───── DATASET CONTENT ─────

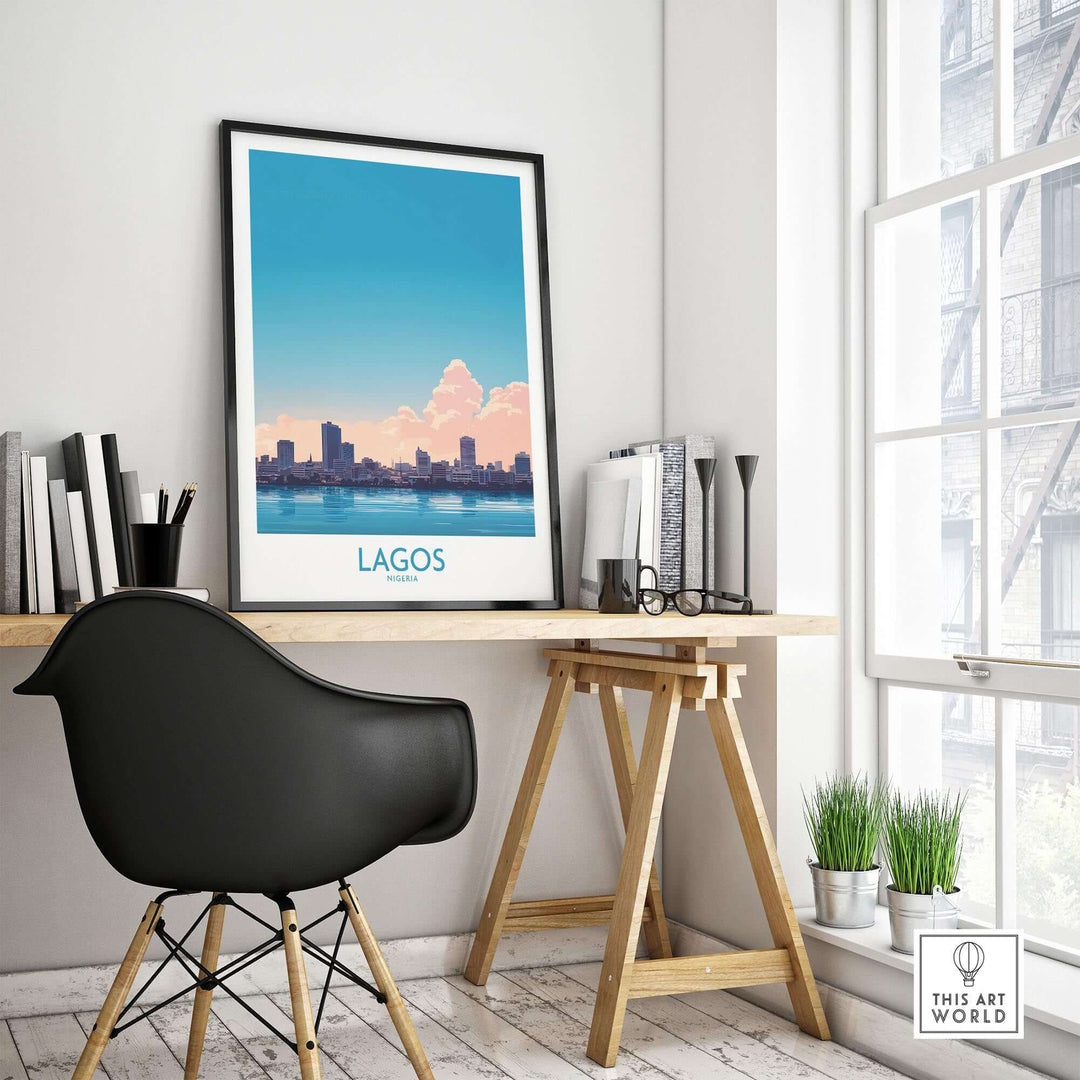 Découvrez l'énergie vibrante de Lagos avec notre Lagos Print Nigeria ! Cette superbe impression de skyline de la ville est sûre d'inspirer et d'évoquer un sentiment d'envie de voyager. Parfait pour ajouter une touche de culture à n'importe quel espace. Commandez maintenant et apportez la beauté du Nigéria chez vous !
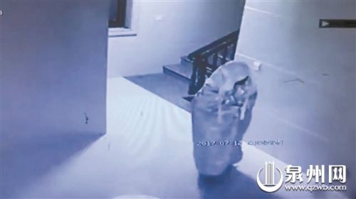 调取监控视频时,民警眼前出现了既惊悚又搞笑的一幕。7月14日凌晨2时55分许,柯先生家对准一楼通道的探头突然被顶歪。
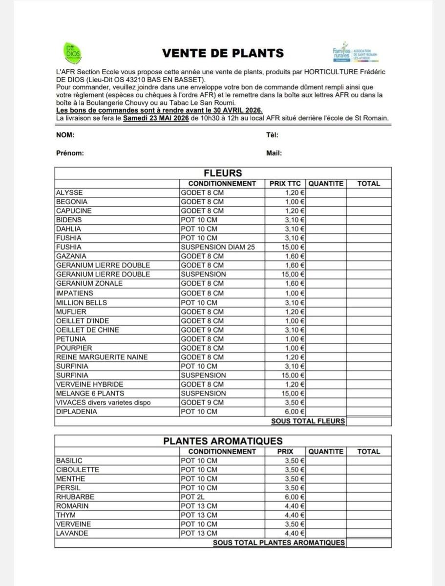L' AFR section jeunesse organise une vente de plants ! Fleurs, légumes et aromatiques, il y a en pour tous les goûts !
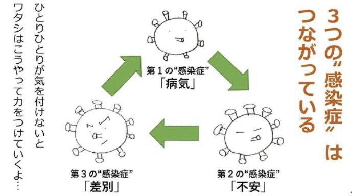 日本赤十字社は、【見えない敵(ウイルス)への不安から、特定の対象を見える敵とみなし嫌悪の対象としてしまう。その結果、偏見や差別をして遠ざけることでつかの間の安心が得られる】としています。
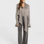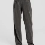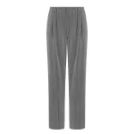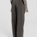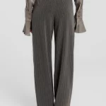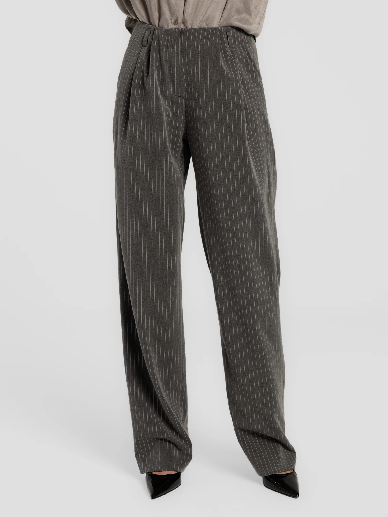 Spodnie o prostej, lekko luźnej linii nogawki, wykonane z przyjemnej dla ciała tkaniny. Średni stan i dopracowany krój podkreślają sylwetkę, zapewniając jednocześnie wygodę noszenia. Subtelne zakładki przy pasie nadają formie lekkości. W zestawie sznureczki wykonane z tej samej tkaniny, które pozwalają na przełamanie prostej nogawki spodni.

─────

# WHAT THE TASK REQUIRES:
Without including any pictures, output each entry above exactly as it appears.

# RESPONSE TO THE TASK:
 Découvrez l'énergie vibrante de Lagos avec notre Lagos Print Nigeria ! Cette superbe impression de skyline de la ville est sûre d'inspirer et d'évoquer un sentiment d'envie de voyager. Parfait pour ajouter une touche de culture à n'importe quel espace. Commandez maintenant et apportez la beauté du Nigéria chez vous !
 调取监控视频时,民警眼前出现了既惊悚又搞笑的一幕。7月14日凌晨2时55分许,柯先生家对准一楼通道的探头突然被顶歪。
L' AFR section jeunesse organise une vente de plants ! Fleurs, légumes et aromatiques, il y a en pour tous les goûts !
 日本赤十字社は、【見えない敵(ウイルス)への不安から、特定の対象を見える敵とみなし嫌悪の対象としてしまう。その結果、偏見や差別をして遠ざけることでつかの間の安心が得られる】としています。
 Spodnie o prostej, lekko luźnej linii nogawki, wykonane z przyjemnej dla ciała tkaniny. Średni stan i dopracowany krój podkreślają sylwetkę, zapewniając jednocześnie wygodę noszenia. Subtelne zakładki przy pasie nadają formie lekkości. W zestawie sznureczki wykonane z tej samej tkaniny, które pozwalają na przełamanie prostej nogawki spodni.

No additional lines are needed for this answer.